But that's not how these companies pay the bills. They built massive
ecosystems around their original businesses, and they use that ecosystem to
mine data and serve ads. With this money, they've amassed social and
infrastructure capital, so they can out-build competitors (Google Drive,
Docs), branch out into other product lines (Google Cloud Services), or simply
buy them out (Instagram, WhatsApp).

To compete against them, you need differentiation and feature that appeal to a
passionate audience. Snapchat, for example, attracts people who've seen or
heard how damaging it can be to publically post on Facebook. DuckDuckGo
appeals to people who don't want trails of their web searches making it into
ads they see on websites. Dropbox works for people because they put out a
solid product and aren't trying to force you to be part of a large, monolithic
ecosystem.

But it's an uphill battle. Facebook's preferred strategy is to buy out
services before they become dangerous (they tried to buy Snapchat back when it
was still known mostly for sexting), and Google's is to outbuild others. They
form a very effective duopoly in a way.

------
hyperpallium
FB has a "network effect" the value of the network increases with the square
of the participants (i.e. the number of connections you can have). Similar
effects occur with human languages, telephones, and the internet. It's a kind
of natural monopoly, because once one gets big enough, no alternative can
catch up. That's why we have the internet, and not internets.
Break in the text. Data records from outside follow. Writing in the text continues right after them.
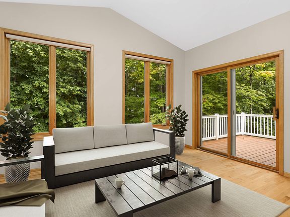 Two-sided gas fireplaceHardwood floorsPlenty of storageElegant detailsCozy four-season sunroomWooded viewsOffice or guest room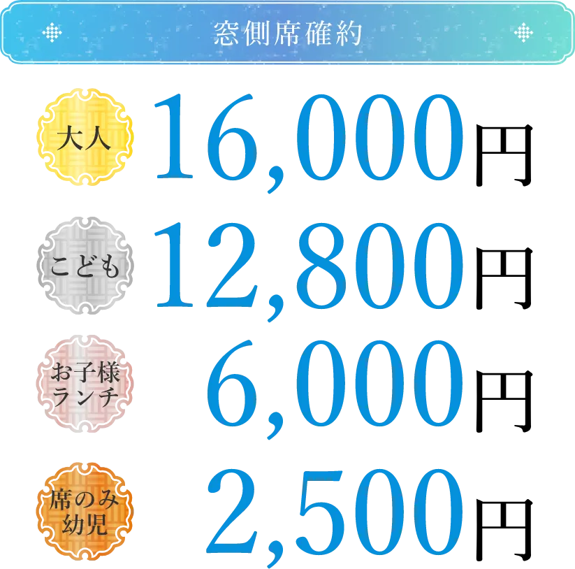 ※上記料金には、表記のお食事、サービス料、消費税のほか、乗船料が含まれております。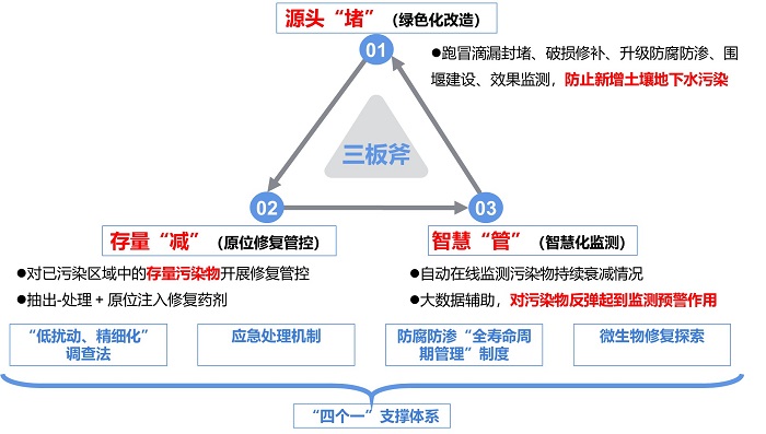 圖為忠信化工“三板斧”土壤和地下水污染源頭管控和風(fēng)險(xiǎn)防控技術(shù)體系。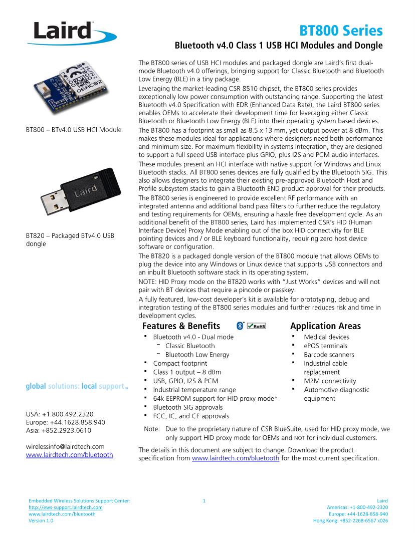 Laird Technologies BT820 USB Dongle Bluetooth Bt800 V4.0 HCI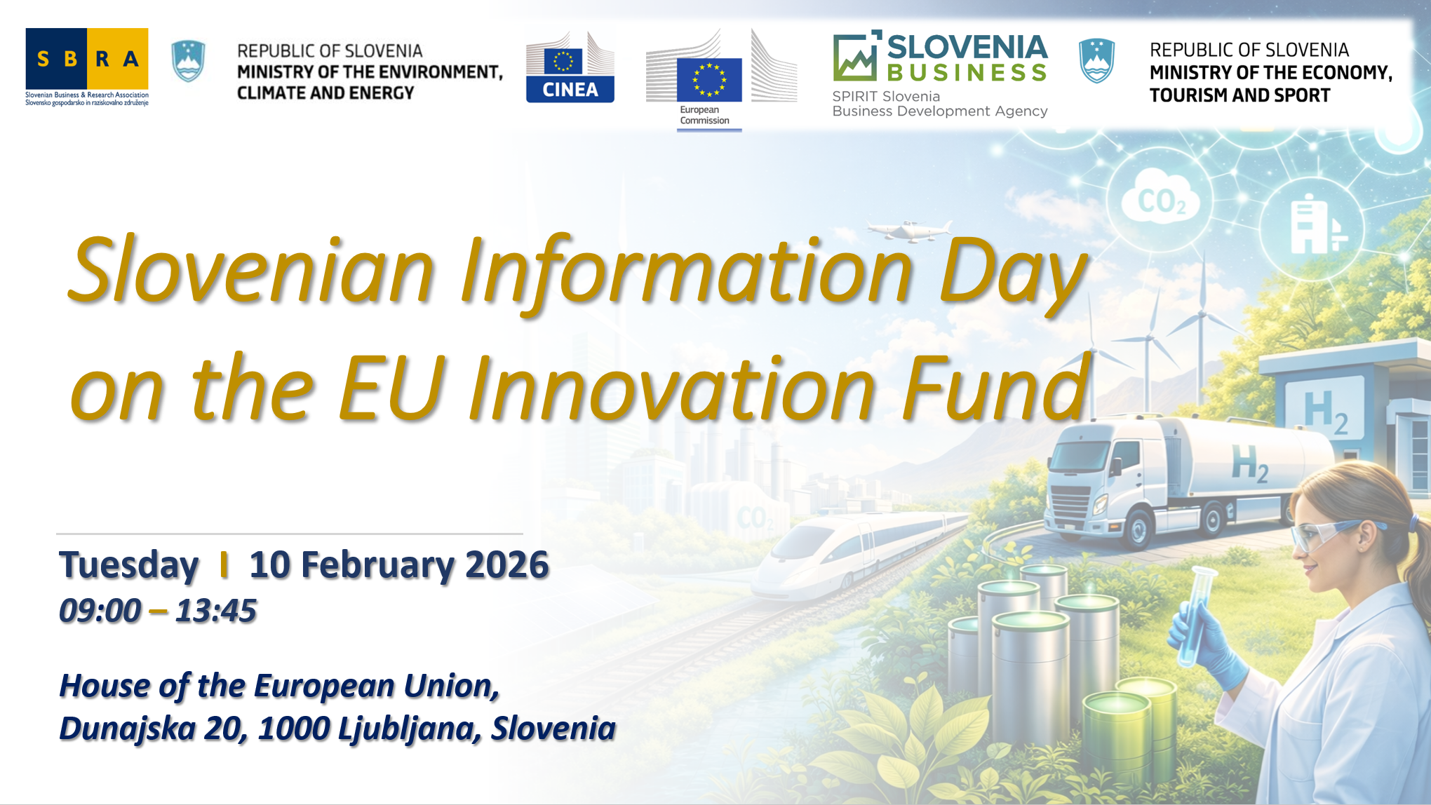 The Slovenian Business & Research Association (SBRA), in cooperation with the Ministry of the Environment, Climate and Energy, the EU agency CINEA, the European Commission, and the European Commission Representation in Slovenia, is co-organising the Slovenian Innovation Fund Info Day, which will take place on 10 February 2026 in Ljubljana, Slovenia. The event is intended for companies, research organisations, energy and industrial stakeholders, as well as all those considering submitting project proposals under the EU Innovation Fund calls.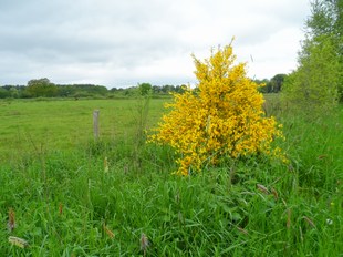 bremgeel. We zien op het fietspad zelfs nog een paar (dode) meikevers.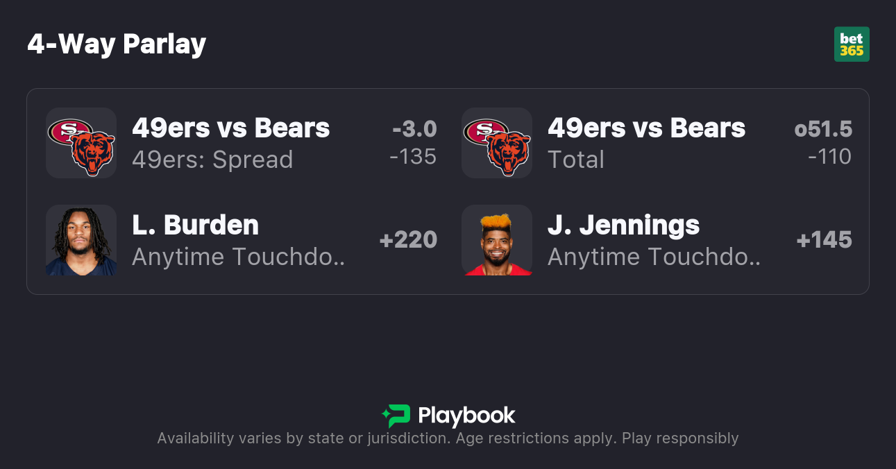 - Bears vs 49ers Moneyline: Bears +160, 49ers -190

Google is different, because it's easy to switch search engines. One
competitive advantage they have is "google suggest" \- this takes massive
capital investment in server farms to be fast enough, which is difficult for
smaller competitors to match.

NOTE: in Google's opinion, FB was a very serious threat (hence google+),
because more information about users means better targetted ads. So _they_
don't think they're unassailable.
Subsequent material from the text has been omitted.